Regeneration Trilogy 02 - The Eye in the Door
Page 14
Head looked at him. ‘What happened to the gently flowing Rivers we all used to know and love?’
‘Went AWOL in Scotland. Never been seen since.’
‘Yes.’
‘Yes what?’
‘Yes, that was my impression.’
The lift door was about to close. Rivers broke into a run, and Wantage, one of the non-pacifist orderlies, clanged the gate open again. ‘There you are, sir,’ he said, stepping back. ‘Room for a thin one.’
He was returning a man in a wheelchair to the ward. Rivers squeezed in beside the wheelchair and pressed the button for the top floor.

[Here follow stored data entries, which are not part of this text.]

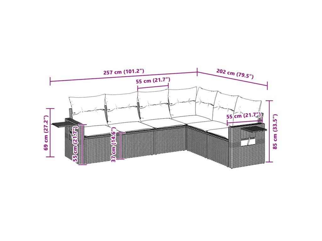 Tato zahradní sedací souprava je dokonalým doplňkem vaší zahrady, terasy nebo dvorku a poskytne vám pohodlné a příjemné místo, kde si můžete povídat s rodinou a přáteli nebo jen tak odpočívat a užívat si pobyt venku.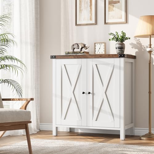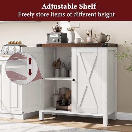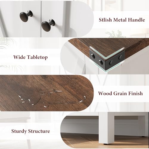 IDEALHOUSE Buffet Cabinet Farmhouse Storage Cabinet with Doors and Shelves, Buffets and Sideboards Entryway Cabinet with Storage Accent Console Cabinet for Living Room, Dining Room (White+Brown)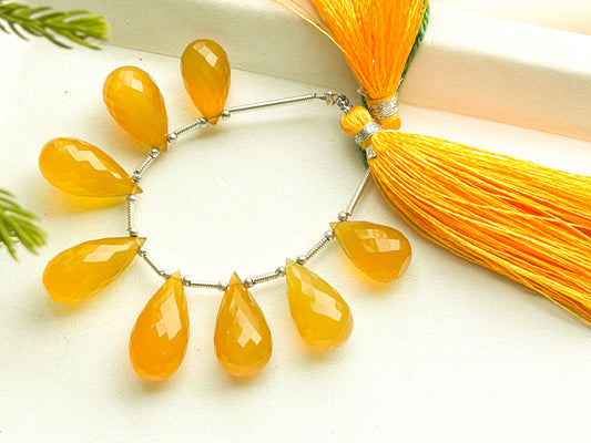 Yellow Onyx Faceted Drops, 14 Pieces | 8x14mm to 9x16mm

Wantage was the most popular of the orderlies, partly because his built-up boot supplied an instant explanation for why he wasn’t in France. He was a fat, jolly man with a limitless capacity for hate. He hated skivers, he hated shirkers, he hated conchies, he hated the Huns, he hated the Kaiser. He loved the war. He had the gentlest hands in the hospital. He would have given anything to be able to go and fight. Whenever Rivers saw him lurching along behind a wheelchair, he was reminded of the crippled boy in the Pied Piper story, left behind when the other children went into the mountain.
At the second floor the lift stopped and a young nurse got in. Viggors, the patient in the wheelchair, spoke to her, blushing slightly – she was evidently a great favourite – and then sat, slumped to one side, his eyes level with her waist, gazing covertly at her breasts. Wantage chattered on. On the third floor the lift stopped again and Wantage pushed the wheelchair out.

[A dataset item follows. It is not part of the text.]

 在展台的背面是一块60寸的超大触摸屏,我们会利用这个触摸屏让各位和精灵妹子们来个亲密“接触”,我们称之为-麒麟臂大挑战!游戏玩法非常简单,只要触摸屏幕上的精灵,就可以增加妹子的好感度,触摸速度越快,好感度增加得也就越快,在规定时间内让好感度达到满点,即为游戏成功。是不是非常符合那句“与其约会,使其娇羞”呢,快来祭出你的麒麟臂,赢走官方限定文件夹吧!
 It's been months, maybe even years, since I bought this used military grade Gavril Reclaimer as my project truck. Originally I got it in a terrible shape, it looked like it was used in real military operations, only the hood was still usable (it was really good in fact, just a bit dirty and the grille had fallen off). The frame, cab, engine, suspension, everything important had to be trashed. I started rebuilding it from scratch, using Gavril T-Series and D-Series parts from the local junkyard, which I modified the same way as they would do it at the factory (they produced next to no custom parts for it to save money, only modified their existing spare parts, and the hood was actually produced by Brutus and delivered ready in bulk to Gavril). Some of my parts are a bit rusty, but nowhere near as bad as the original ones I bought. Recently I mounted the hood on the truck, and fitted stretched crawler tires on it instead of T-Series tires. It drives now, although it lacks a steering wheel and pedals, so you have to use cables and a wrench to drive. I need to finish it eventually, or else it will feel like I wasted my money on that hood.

Rivers was left wishing he hadn’t seen that look. Every day in this hospital one was brutally reminded that the worst tragedies of the war were not marked by little white crosses.
For safety reasons – his patients were mobile and could use the fire escapes – both his wards were on the top floor. The hospital had been built as a children’s hospital; the top floor had been the nursery and the walls were decorated with Baa-baa Black Sheep, Little Bo Peep, Red Riding Hood, Humpty-Dumpty. The windows were barred. On his arrival Rivers had asked for these bars to be removed, but the War Office refused to pay for any alterations beyond the absolute minimum: the provision of adult-size baths and lavatories. Not washbasins. Lawrence was there now, shaving in a basin that barely reached his knees. The eye, deprived of normal perspective, saw him as a giant. No amount of experience seemed to correct the initial impression.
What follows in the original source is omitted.